▶ **Problem statement**
Copy out the lines below that hold the word "Figura".

▶ **Information**
━━━━━━
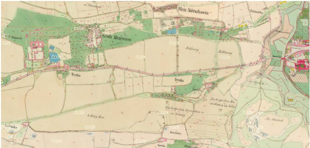
Obrázek 9.2: Mapa stabilního katastru z roku 1843 s výřezem zobrazujícím území Velkého Břevnova, Tejnky a historického území „Na skalách“ (nyní Strahov).

Historický vývoj obyvatelstva Prahy a jejích předměstí v první polovině 20. století, rezidenční a průmyslová předměstí
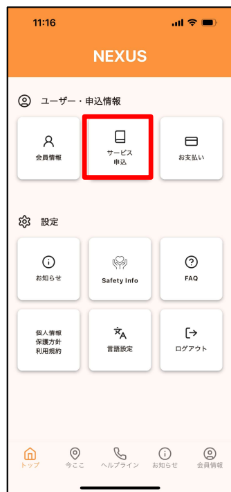
①「サービス申込」をタップ
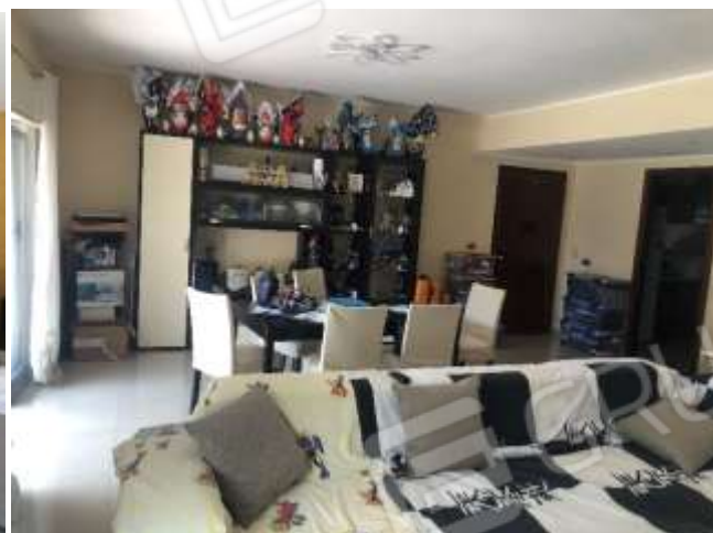
Figura 7 – Pranzo/soggiorno
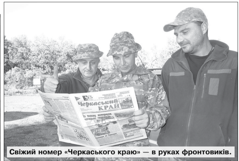
Свіжий номер «Черкаського краю» — в руках фронтовиків.

Та чим ближче до фронту, тим чіткіше проглядається на тутешніх ланах подих війни. Бо стернища обмолочених влітку пшениць, поля сірого соняшнику та пожовклої кукурудзи, потемнілі від спеки клапті необробленої землі все більше мережать протитанкові рови, нові траншеї та окопи. Збройні сили готують запасні позиції. Про всяк випадок. Бо ворог невпинно сіє наліво й направо смерть і біду. Тож наші бійці мусять дбати і про бойові позиції на «передку», і про тил. Бо кінця й краю навалі москвитів поки що не видно.
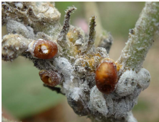
Figure 3. A. bambawalei parasitic stiff scales 图 3. 班氏跳小蜂寄生的僵蚧
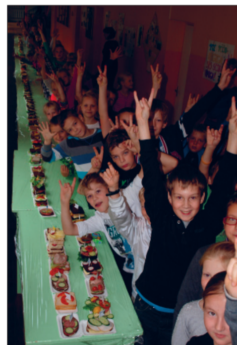
Pikk võileib ja rõõmsad õpilased
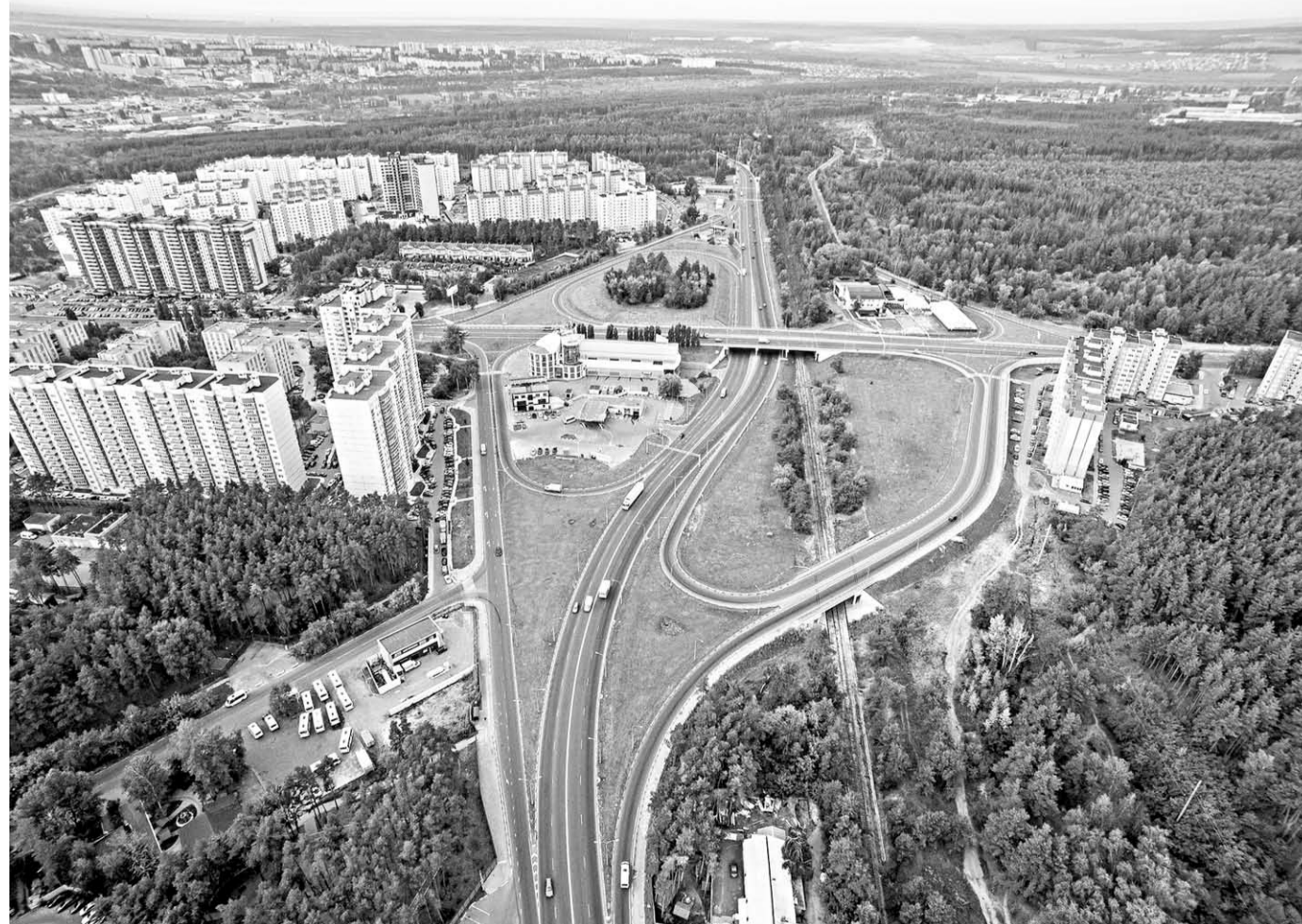
По реализации национального проекта «Безопасные и качественные автомобильные дороги» Воронежская область вошла в тройку лучших регионов Центрального федерального округа.

В такой день принято подводить итоги проделанных за дорожно-строительный сезон работ. И они весьма впечатляющие. Ремонт дорог в Воронежской области проводится в рамках приоритетного национального проекта Минтранса РФ «Безопасные и качественные автомобильные дороги». В столице Черноземья он реализуется уже третий год подряд, а на территории региона – второй. Главной заслугой проекта БКАД многие подрядчики считают то, что в приоритете дорожников теперь не ямочный ремонт, а полноценные работы, которые дарят дорогам вторую жизнь. Для автомобилистов и пешеходов немаловажно то, что производящая ремонт дорожная организация даёт пятилетнюю гарантию.
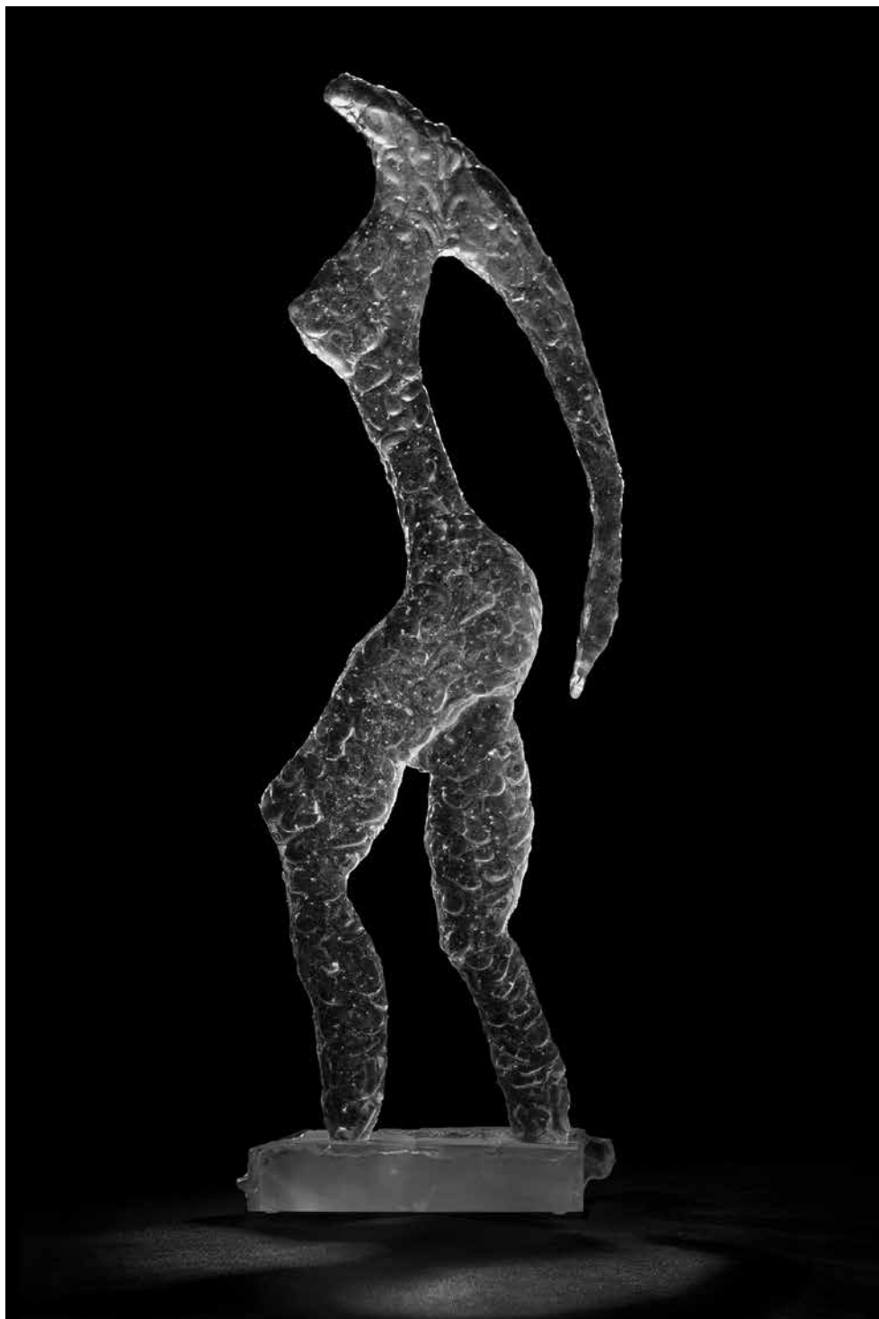
Sigita GRABLIAUSKAITĖ. Stiklo skulptūra Moteris, bėganti pakrante . 2014
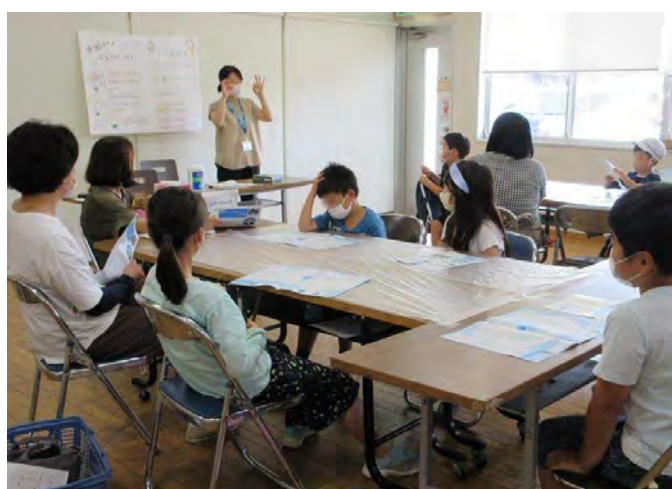
みなさんからのご寄付により集まった外国コインです。
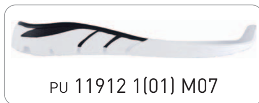
PU 11912 1(01) M07
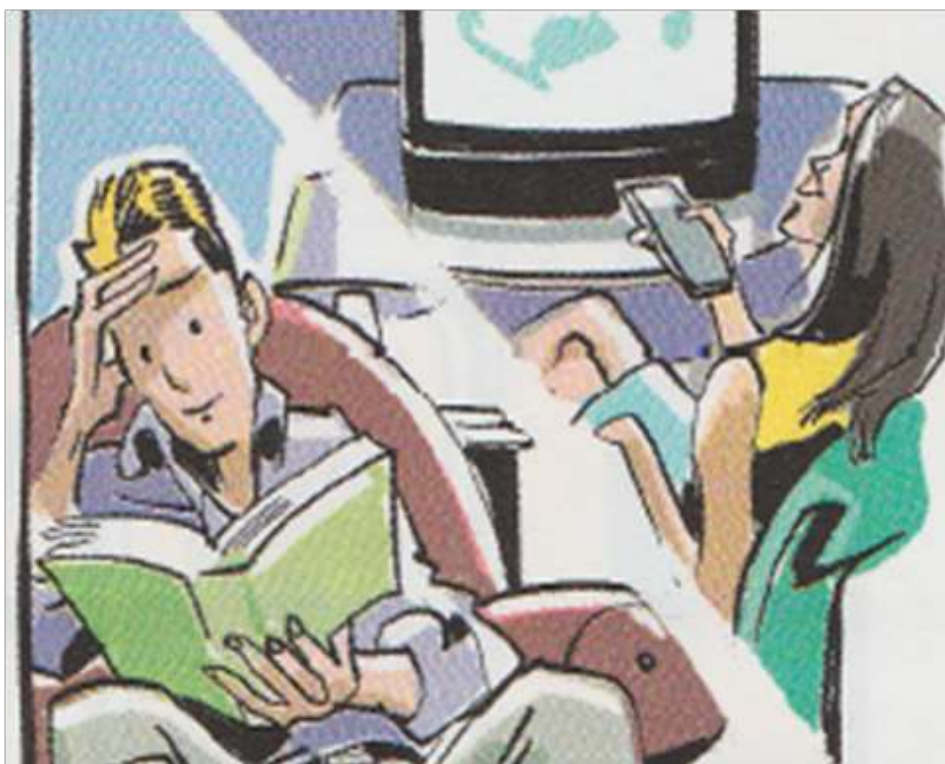
Image 6 – « temps libre et loisirs I » (Bozzone Costa et al. , 2007 : 47)
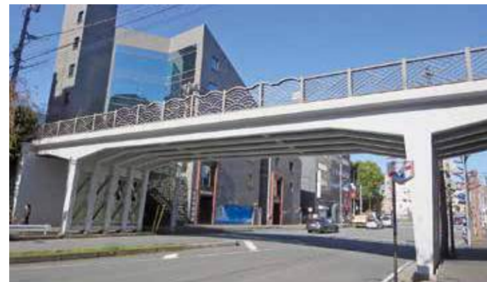
かみだいばし 上台橋 コンクリート橋 台町 / 1956(昭和31)年竣工・橋長27.6m

「神奈川宿歴史の道」はこの上台橋から始まります。かつてこのあたりは、潮騒の聞こえる海辺の道でした。この地に橋ができたのは1930(昭和5)年。その後開発が進み、切り通しの道路ができるとともに、その上に現在の橋が架けられました。欄干には青海波のデザインが施されています。
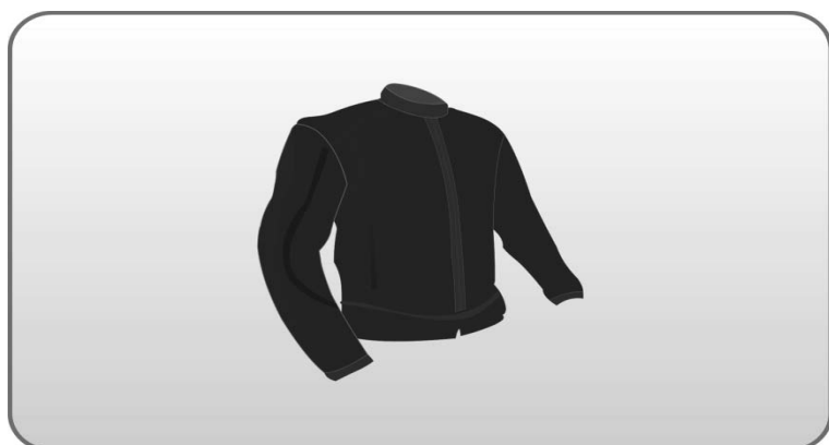
Figura 199 – Jaqueta para motociclista.
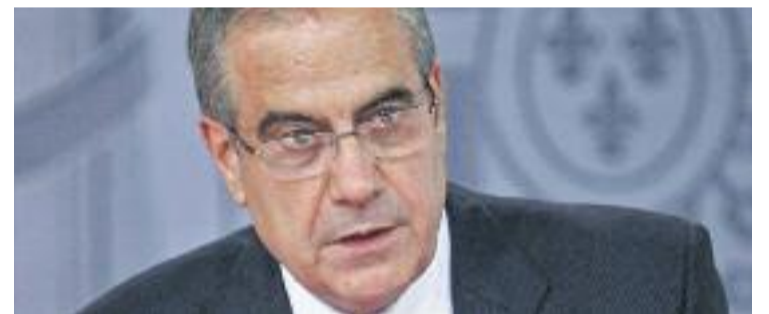
Corbacho va ser alcalde de la ciutat del 1994 al 2008.

POLÍTICA ▶ L'exalcalde Celestino Corbacho ha deixat de militar al PSC perquè no se sent suficientment valorat i per haver quedat apartat de les responsabilitats polítiques de la formació, tal com va avançar La Vanguardia. Així ho va fer saber al primer secretari dels socialistes catalans, Miquel Iceta, en una carta enviada el passat divendres dia 12, segons ha explicat el secretari d'organització del PSC, Salvador Illa.
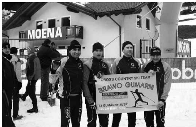
Stadión na Pustevnách během KP ZK pořádaného oddílem GZUZU

První čtyřčlenná skupina se zúčastnila 70 km dlouhého závodu v Itálii – Marcialonga, známé jako královny dálkových běhů, se svou neopakovatelnou atmosférou, kde za účasti 7000 závodníků z celého světa byli naši borci v cíli do 2100 místa ve výsledkové listině. Nutno podotknout, že k největším mediálním úspěchům patří rozhovor v přímém přenosu do rádia Dolomity, kde mimo jiné opakovaně zaznělo již na Jizerce dávno proslavené heslo našeho lyžařského oddílu „BRAVO GUMARNI“.
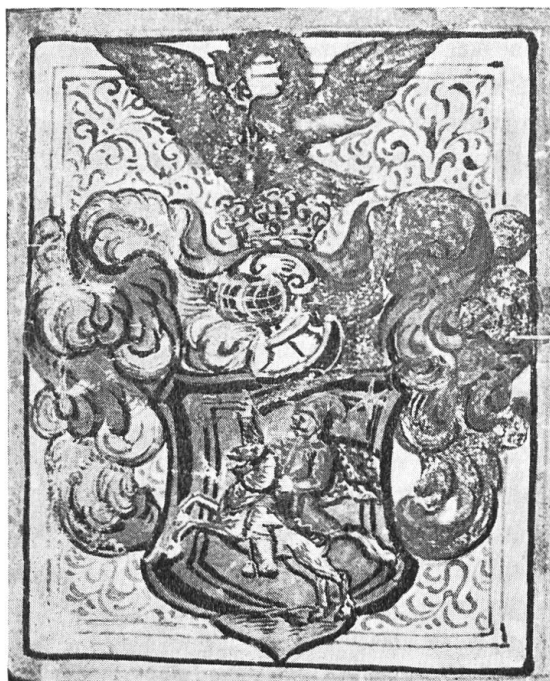
Abb. 8. Iwankovich, 1643.

schwingend; in der linken oberen Ecke des Schildes ein sechsstrahliger g Stern. HZ : ein nat. Pelikan in g Neste sitzend, füttert mit seinem Blute seine 3 Jungen. D : B-G, R-S. Publ. Kom. Vas. BALOGH S. 206. Orig. Nr. 31. (Abb. 8).
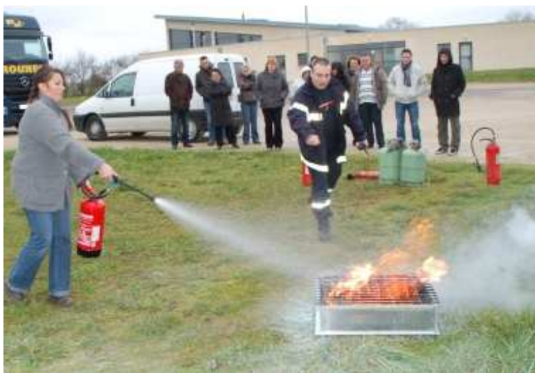
Formation lutte contre l'incendie
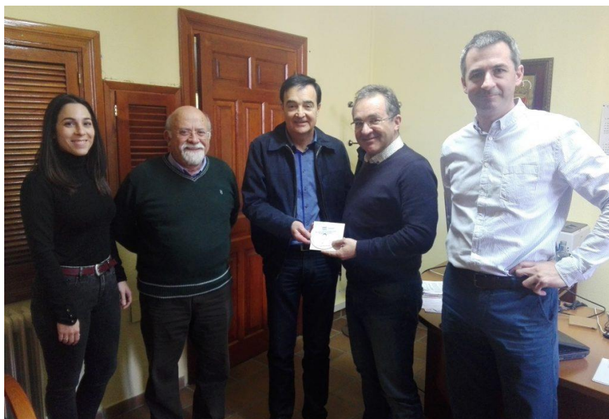
Fotos acto de entrega del estudio en febrero de 2018
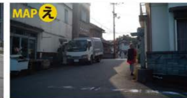
三叉路を右折し町中を進む
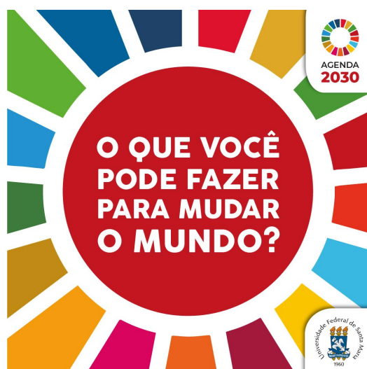
Figura 1 - Card Agenda 2030
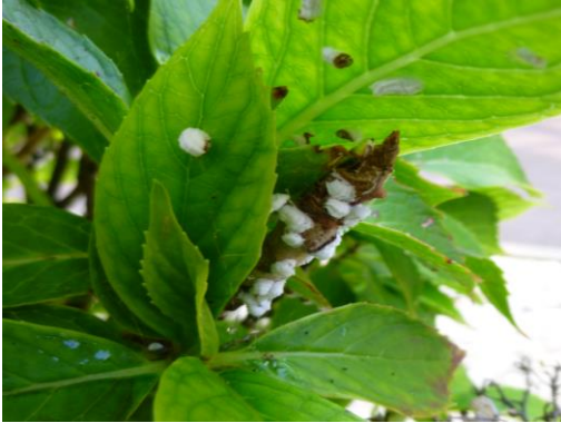
Cochenilles pulvinaire sur hortensia

Et, en fin d'année, c'est une attaque de cochenille farineuse qui a eu lieu sur Phormium Tenax dans le Calvados.
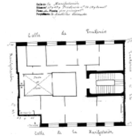
PLANO PARCELARIO DE ZARAGOZA Dionisio Casañal Zapatero

INTERVENCIONES PERMITIDAS Y ELEMENTOS A CONSERVAR.
━━━━━━
▶ **Result of the exercise**
Figura 7 – Pranzo/soggiorno
Figura 199 – Jaqueta para motociclista.
Figura 1 - Card Agenda 2030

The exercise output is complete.